In a moving scene, such as when the vehicle is traveling at high speed or turning, the starting point cloud and the ending point cloud in one frame can only obtain measurement results in different coordinate systems, which results in distortion of the three-dimensional environment information. As shown in the figure below, when the vehicle is in motion, after the lidar on the vehicle completes one full scan, when the last laser beam shines on the target object, compared with the first laser beam shining on the target, the spatial position of the target has undergone a relative displacement – the information displayed on the coordinate system for the object at two different times is different.
The purpose of motion distortion compensation is to calculate the motion trajectory of the laser during data acquisition and compensate for the changes in motion displacement caused by the motion, thus unifying the point cloud of the same frame into the coordinate system at the same moment.
To further explain motion distortion compensation, an algorithm engineer from a certain host factory gave an example: “For example, if the vehicle is equipped with an IMU or a wheel odometer, the perception algorithm staff can calculate how the vehicle moves within 0.1 seconds using IMU and wheel odometer (or directly with IMU), then use the motion model to compensate for the motion distortion.”
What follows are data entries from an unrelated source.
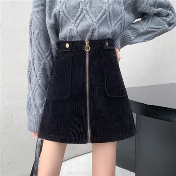 咖色燈芯絨半身裙a字裙秋冬女大碼顯瘦包臀裙口袋胖mm遮胯a型短裙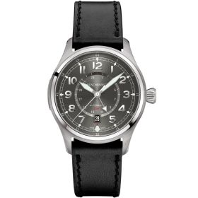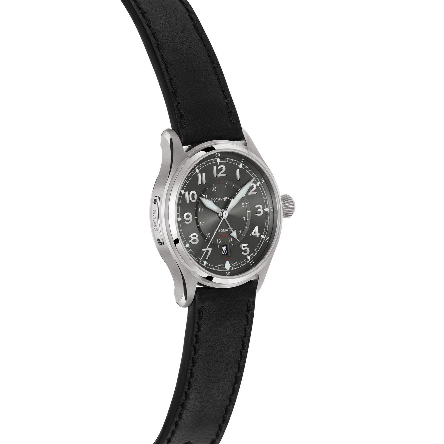 Modell "R2CITY" - mit Lederarmband und grauem Zifferblatt. Mit der R2CITY von Stadt zu Stadt und das, in verschiedenen Zeitzonen. Ein Leichtnis, durch das 24-Stunden-HilfsZifferblatt. Als Modellvariante mit handgefertigtem Kalbslederband, ist sie ein praktischer Begleiter für den Liebhaber von Luxusuhren. Das Uhrenarmband ist mit Sicherheitsfaltschließe ausgestattet und so komfortabel und funktional zu tragen. Das Zifferblatt erscheint durch fein satinierte Applikationen sehr dezent und hochwertig. R2CITY - Funktion: Stunde, Minute, Sekunde, Datum, 24-Stunden-Anzeige (GMT). Ø 42 mm, Edelstahl 316L, Automatik, 42 Stunden Gangreserve. Glas- und Gehäuseboden aus beidseitig entspiegeltem Saphirglas. Verschraubte Krone, wasserdicht bis 100 m (10 bar).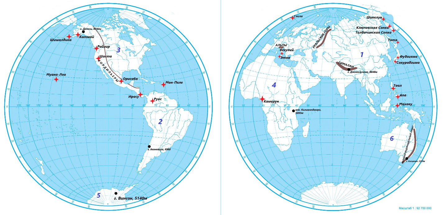 Карта полушарий. Физическая карта.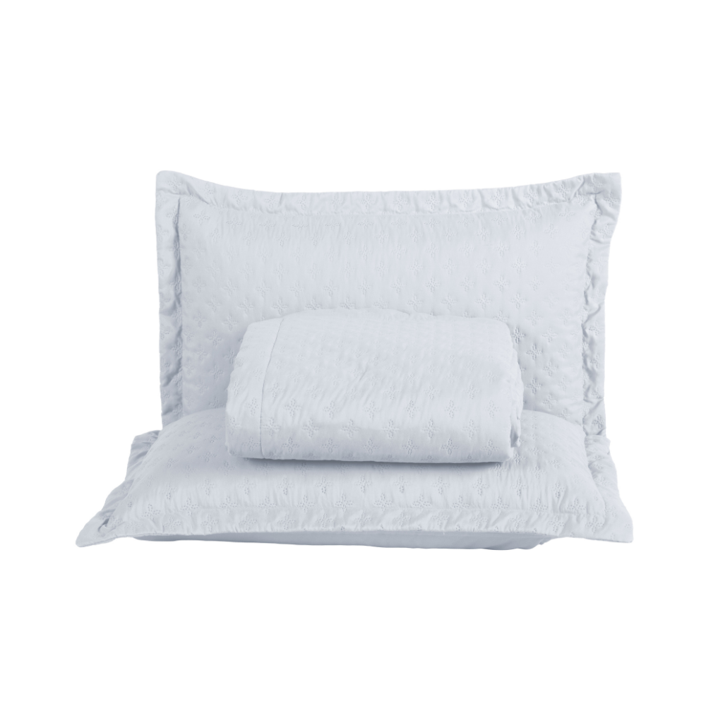 - O porta travesseiro mede 70cm x 50cm e possui aba americana;

The common methods of motion distortion compensation are:
- Pure estimation methods (ICP/VICP)
The Iterative Closest Point (ICP) method matches two point clouds using the ICP algorithm. After a continuous iteration algorithm, the error between the point clouds is minimized.
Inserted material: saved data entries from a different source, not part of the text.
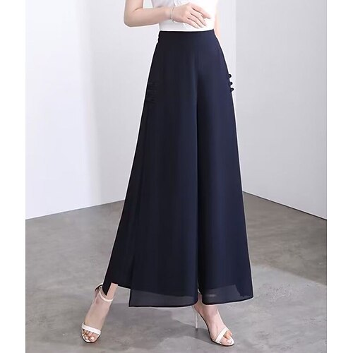 Per donna Gamba larga Chinos Elegante Moda Streetwear Lunghezza al polpaccio Vita Alta Semplice Comodo Comodità Morbido Micro-elastico All'aperto Vacanza Streetwear Verde mela Vinaccia blu navy Nero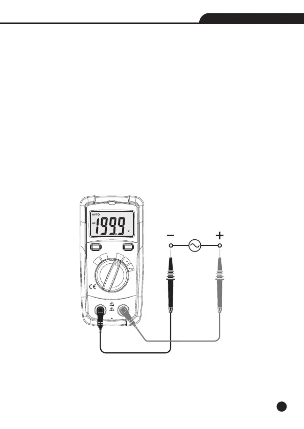 3.Touch the test probe tips to the circuit under test, be sure to observe the correct polarity (Red lead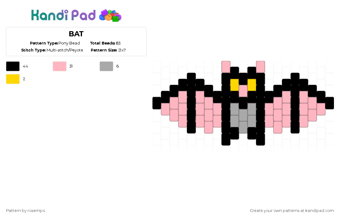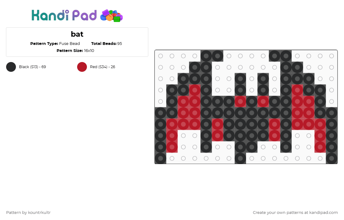 Neptunic bat Pony Bead Pattern - Kandi Pad | Kandi Patterns, Fuse Bead ...
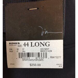 Mens Blazer Marc Anthony Size 44 Long Sport Coat Business Navy Blue Wool Blend N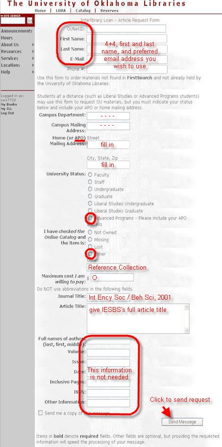 You do not need to fill in a phone number (we doubt seriously that OU Libraries is going to wish to call you overseas, or even in another state, to talk to you about your request: they will simply use email to get in touch with you!). The next section asks you to identify your address: all you need to fill in here is your APO address and your University status (Advanced Programs). Don't offer to pay for this service, because it is available to you at no charge: "0" is the maximum cost you need to be willing to pay! Although the form asks you if you have checked OU's catalog, all Document Delivery would like for you to do is indicate that the source (the IESBS, 2001 edition) is housed in the library's Reference Collection. (It is a 26 volume set that remains on the first floor of the main library--Bizzell Library--for ease of access by on-campus, in-library users. Even though it isn't a Journal Title, Document Delivery asks that you give the title of the encyclopedia here. (We are recommending that you indicate enough of its title that the Document Delivery searchers have no difficulty figuring it out: so something like "Int'l Ency of the Soc & Behav Sciences, 2001 edition" will probably do nicely) The next box is the most crucial: you need to give the title of the article in the IESBS that you wish to have access to. From your searching in the "free" abstracts-only, try-it-out version of IESBS, you will have identified the title of an article you wish to have access to. Fill the Article Title box in with that information. Don't fill out the citation information at the bottom of the form--it isn't really applicable here. That section is focused specifically on bibliographic elements of a journal article citation.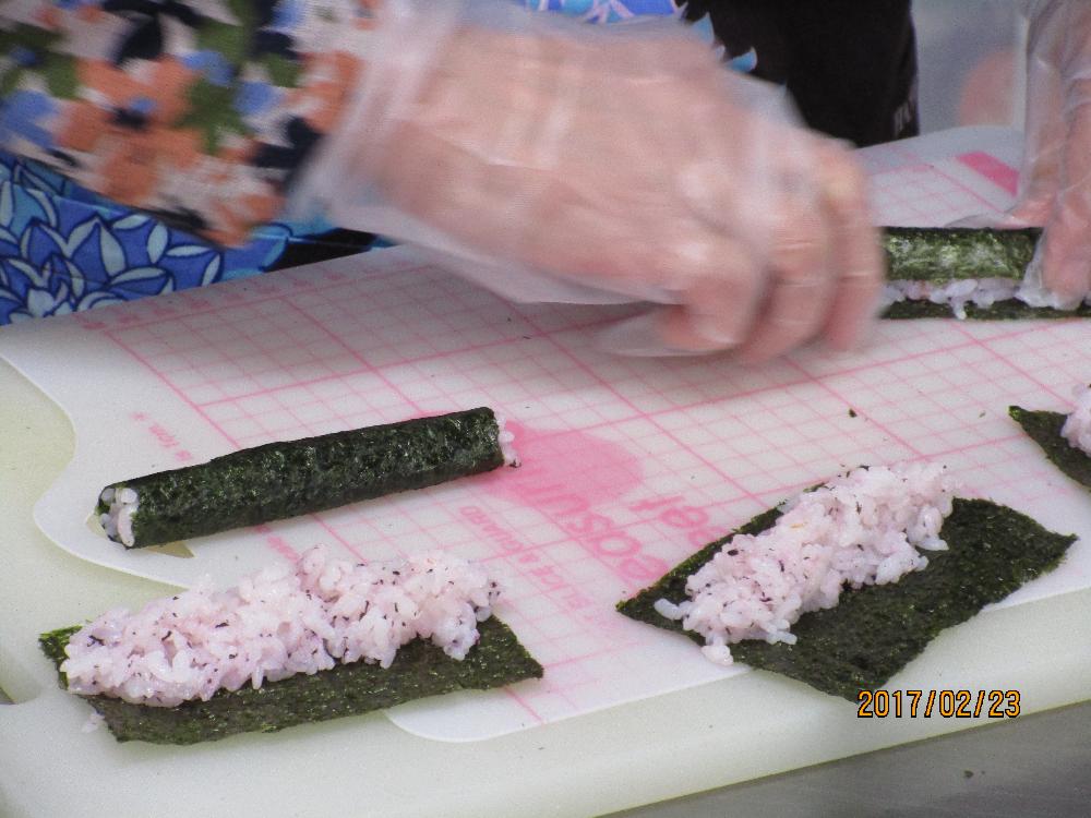 色を付けた寿司飯を焼き海苔(半切を1/3に切ったもの)で巻いていく。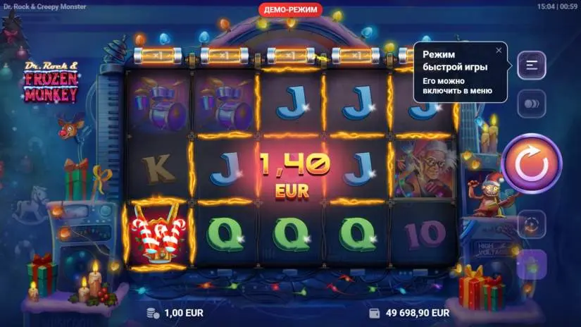 The maximum win in a single round of Dr. Rock & Frozen Monkey is 10,000 times the bet. The maximum recorded win is 10,000 times the bet. This win occurred once in 2,120,441 simulated game rounds.

The VICP method is a variant of the ICP algorithm, which assumes that the vehicle is moving at a constant speed. At the same time as matching the point cloud, it is used to estimate the vehicle’s own speed.
The Iterative Closest Point (ICP) and VICP are collectively referred to as “pure estimation methods.”
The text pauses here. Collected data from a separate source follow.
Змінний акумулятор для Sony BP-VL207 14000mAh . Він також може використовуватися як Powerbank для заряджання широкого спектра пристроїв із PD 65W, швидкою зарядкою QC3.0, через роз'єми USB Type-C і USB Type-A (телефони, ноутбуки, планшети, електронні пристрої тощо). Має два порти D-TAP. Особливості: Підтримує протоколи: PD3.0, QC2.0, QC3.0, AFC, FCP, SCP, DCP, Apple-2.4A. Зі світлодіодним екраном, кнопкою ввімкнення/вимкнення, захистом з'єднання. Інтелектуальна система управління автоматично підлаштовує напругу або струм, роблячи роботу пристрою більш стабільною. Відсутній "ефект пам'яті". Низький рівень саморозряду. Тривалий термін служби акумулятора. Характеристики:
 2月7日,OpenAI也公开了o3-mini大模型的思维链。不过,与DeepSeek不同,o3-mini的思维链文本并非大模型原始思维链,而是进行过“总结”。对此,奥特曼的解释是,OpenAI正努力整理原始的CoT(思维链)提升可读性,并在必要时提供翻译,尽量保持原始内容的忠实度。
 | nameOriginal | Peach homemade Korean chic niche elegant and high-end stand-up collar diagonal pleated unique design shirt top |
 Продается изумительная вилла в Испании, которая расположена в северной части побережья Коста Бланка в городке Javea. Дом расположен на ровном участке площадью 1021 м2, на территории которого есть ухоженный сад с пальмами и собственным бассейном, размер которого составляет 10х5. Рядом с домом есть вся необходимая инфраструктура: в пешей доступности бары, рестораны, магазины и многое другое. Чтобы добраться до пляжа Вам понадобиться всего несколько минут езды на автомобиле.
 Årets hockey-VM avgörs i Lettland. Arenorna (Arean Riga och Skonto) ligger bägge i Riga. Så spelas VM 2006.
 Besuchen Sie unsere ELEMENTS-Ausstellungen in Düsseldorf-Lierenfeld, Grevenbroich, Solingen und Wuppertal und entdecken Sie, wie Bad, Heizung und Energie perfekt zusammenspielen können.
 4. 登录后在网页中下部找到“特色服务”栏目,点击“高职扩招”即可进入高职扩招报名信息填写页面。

- Sensor-assisted methods (IMU/ODOM)
The Inertial Measurement Unit (IMU) method finds the data of the adjacent two frames in the IMU queue, and then calculates the pose of the laser radar at the scanning point in the same frame using spherical linear interpolation. The coordinate transformation of the two point clouds to the same coordinate system is performed by applying homogeneous coordinate transformation.
The Wheel Odometer (ODOM) method calculates the odometer pose in the coordinate system corresponding to each point cloud in the current frame of laser radar data. The coordinate of each point cloud is transformed twice to the same coordinate system according to the obtained pose, and finally the frame point cloud data is repackaged.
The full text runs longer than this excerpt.